Banks now offer leasing facilities as an alternative to bank loans, and they transacted 1 % more new leasing business than in 2020. Their share of all new leasing business transacted last year stood at 8 %.
Freelance sales consultants find customers, negotiate leasing agreements with them, and then call in a leasing company. New business obtained by freelancers grew at the above-average rate of 5 %, and freelance leasing agents were last year responsible for 8 % of all new equipment-leasing business transacted.
With the e-commerce sales channel, the contact between the customer and the leasing company is established via the leasing company’s internet portal. Dealers and freelance sales consultants are not involved in any stage of the transaction, right up to the conclusion of the agreement. E-commerce provides an efficient platform for the marketing of small-ticket items, but since online transactions only accounted for a very small proportion of all new leasing business conducted last year (less than 1 %), they are not represented in the graphic.
Providing efficient qualitative-research and consulting services contributes decisively to the maintenance of good personal relations with customers. Digital services and online leasing offerings doubtless have their place, but (business) customers generally prefer to have the option of obtaining personal advice.

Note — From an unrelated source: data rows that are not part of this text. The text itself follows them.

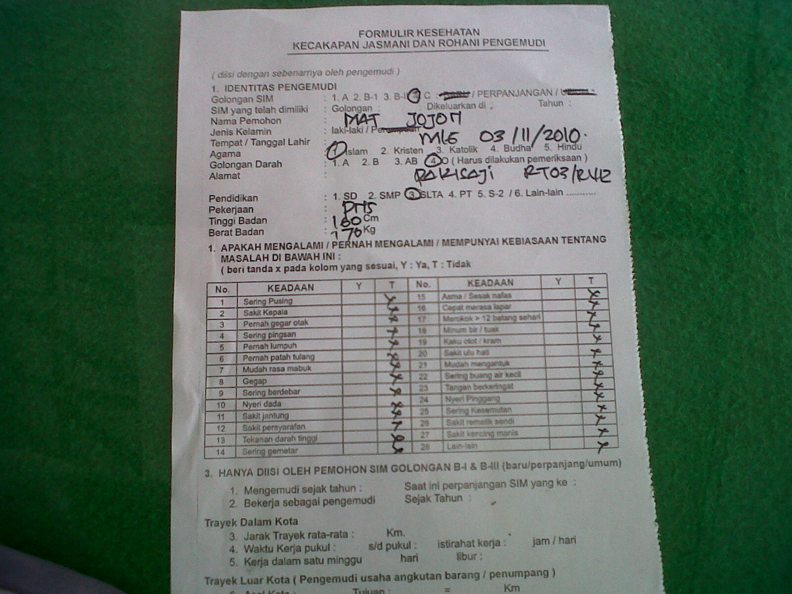 Parkir di belakang, trus cari informasi didalam. Prosedur perpanjangan SIM harus membawa fotokopi KTP dan SIM lama sebanyak 3 lembar. Nah, mulai deh ribetnya. Sebelum dapat formulir, kita harus tes kesehatan dulu. Tempat tesnya ternyata ada di luar area SATPAS. Alamak, jalan kaki lumayan, keluar area SATPAS. Tempat tes kesehatan, ada di pinggir jalan raya, sekitar 200 meteran sebelah utara SATPAS. Sudah antri penuh, plus dirubung makelar alias calo. Ke petugasnya ngasi FC KTP-SIM 1 lembar, sambil ngisi formulir. Trus dibalikin, sambil antri nunggu dipanggil.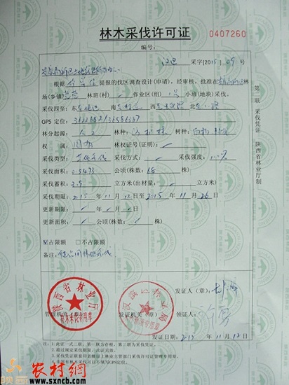漢濱區(qū)林業(yè)局頒發(fā)的采伐許可證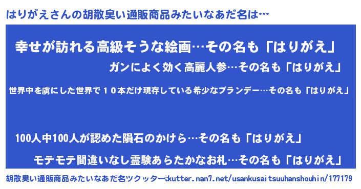 | 男性向けラノベタイトル風あだ名 | 『魔弾の王とはりがえ』『はりがえの憂鬱』 |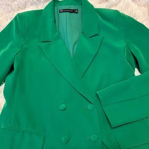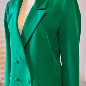 Vibrant green double-breasted blazer with a structured fit. Features matching fabric-covered buttons and front flap pockets. Chic, bold, and perfect for elevating any outfit.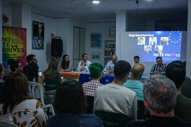 El colectivo LGTBI+ de la Región de Murcia, No Te Prives, celebró ayer en su sede un debate político con miembros LGTBI+ de primer nivel de los principales partidos en la Región de Murcia. La sede del colectivo se llenó para escuchar las propuestas y posturas de los partidos y sus familias europeas en los próximos comicios europeos que se celebrarán el 9 de junio, Día - a su vez- de la Región de Murcia.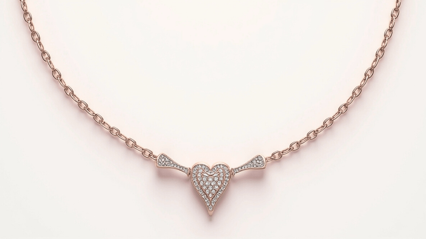 שרשרת זהב 14K צהוב בעיצוב רומנטי עם לב משובץ ביהלומים זוהרים ומסביב לו שני תכשיטים אלגנטיים המוסיפים לו נוכחות. יהלומים דמויי-מרquise ומסגרת יוקרתית יוצרים שילוב מושלם של יופי ונוחות. השרשרת מהווה את הבחירה האידיאלית למי שמחפש תכשיט שמחמיא ומסמל אהבה אמיתית, עם עיצוב ייחודי שמתאים לכל אירוע.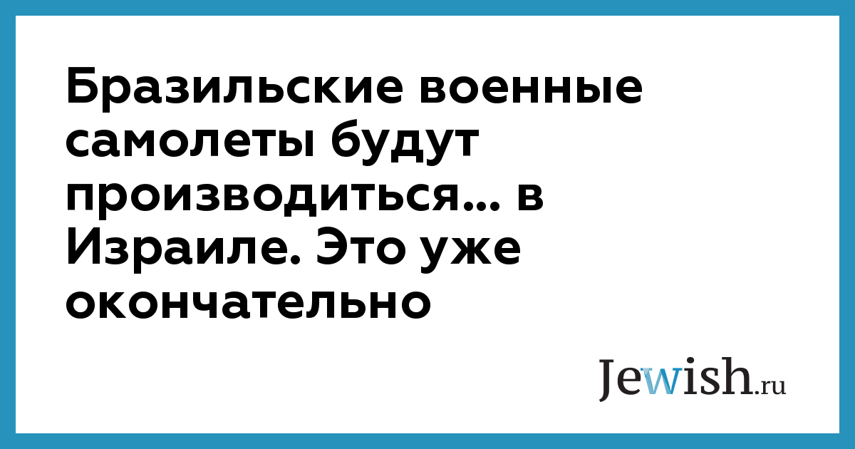 Бразильские военные самолеты будут производиться... в Израиле. Это уже окончательно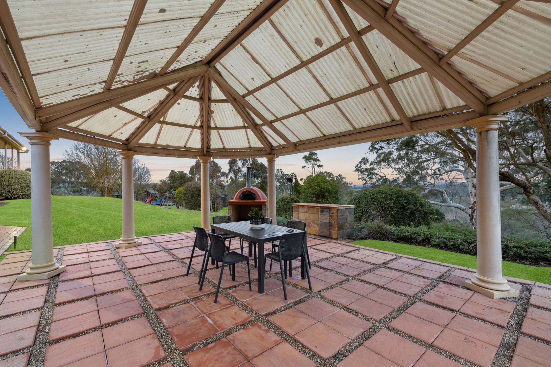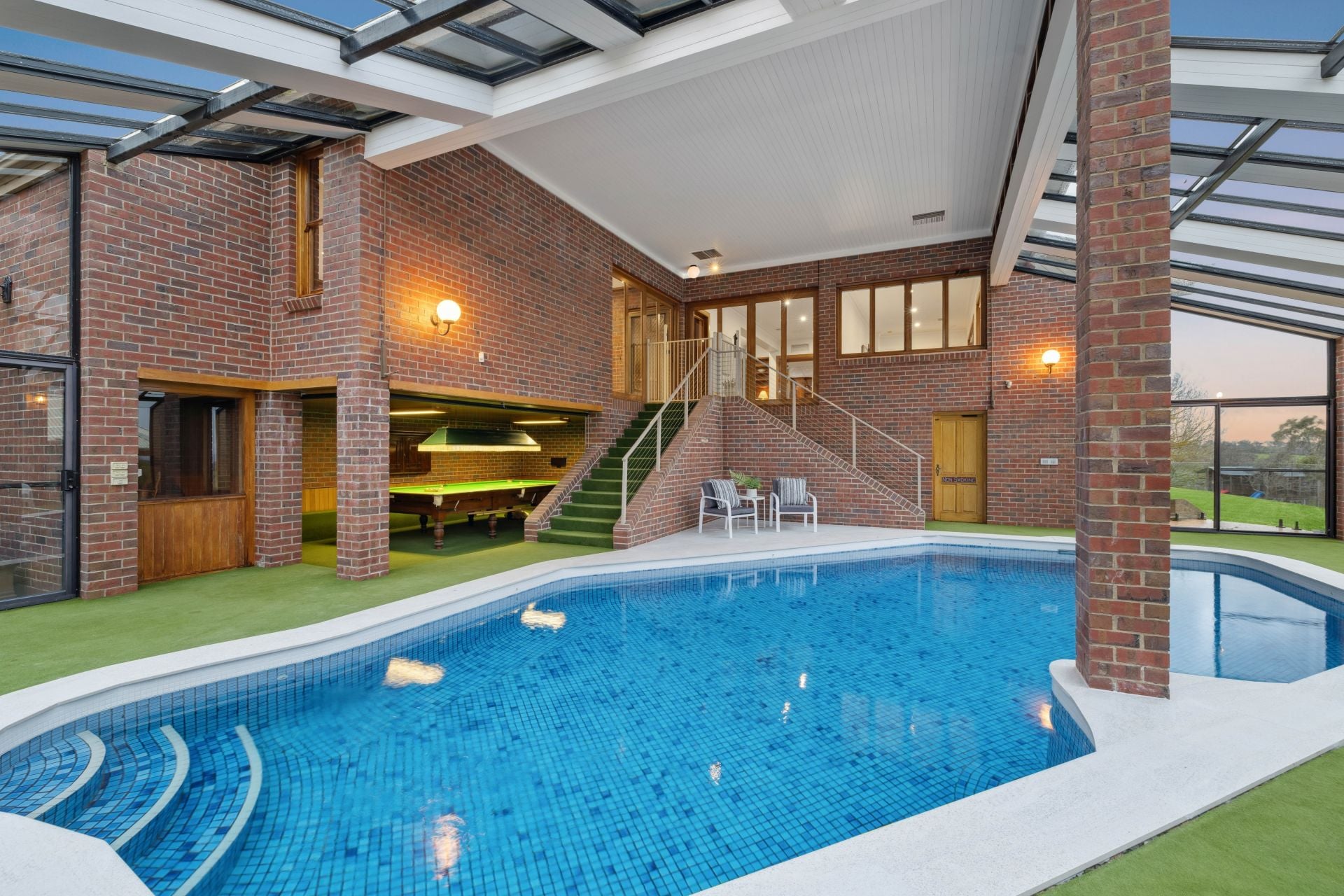 The double-height conservatory is evaporative air-conditioned for swimming comfort; beyond the glass, a semi-enclosable gazebo plates up whatever the adjacent wood-fire pizza oven is cooking.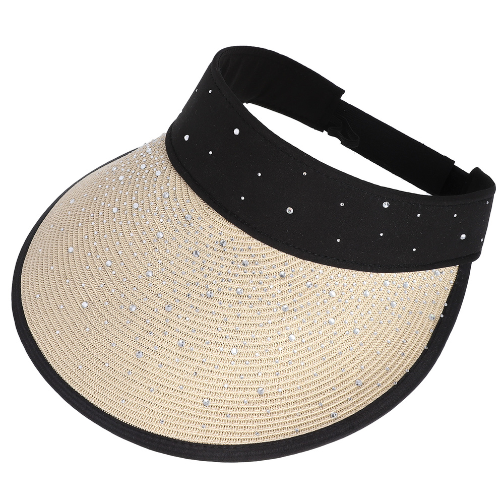 SUN UV PROTECTION CRYSTAL RHINESTONE STUDDED PAPER BRAID DECORATIVE SUMMER ONE-SIZE VISOR HAT

The leasing industry got off to a reasonably good start in the current year. New business (i.e. leasing and hire-purchase business) in the first quarter of 2022 was up by about 1 % on the corresponding period last year, with the Production Machinery, the Medical Technology, and the Aircraft, Watercraft & Railed Vehicles segments all putting in above-average performances.
However, the automotive industry, which remains of key importance to the leasing sector, continues to suffer shortages of pre-products. Supplies of new vehicles of every class remain stretched. In addition to the reduced availability of semiconductors, there have also been difficulties with the delivery of cable harnesses produced in Ukraine. On top of these specific problems, vehicle manufacturers are having to contend with ongoing supply-chain disruptions and the threat of power shortages. GDP forecasts for the current year have repeatedly been revised downwards. The averaged-out baseline-scenario projections of the economic research institutes indicate an increase in GDP of just over 2 % for the full year 2022. Given the current supply shortages, they also expect little growth in investment in equipment. But, as with all forecasts in these uncertain times, the great unknown is the availability of energy. Any interruption in the supply of gas from Russia will not only cause prices to increase further, but also disrupt production. A recession in the current year would then be inevitable.
The Leasing Industry: Sure and Steadfast
The leasing sector continues to serve many companies as a steadfast financing anchor in very choppy seas. Leasing-services customers can be sure that this anchor will hold until they take delivery of the new assets they have invested in. And leasing companies‘ expertise in assets and asset leasing will help lessees optimize the timing of their capital-goods orders.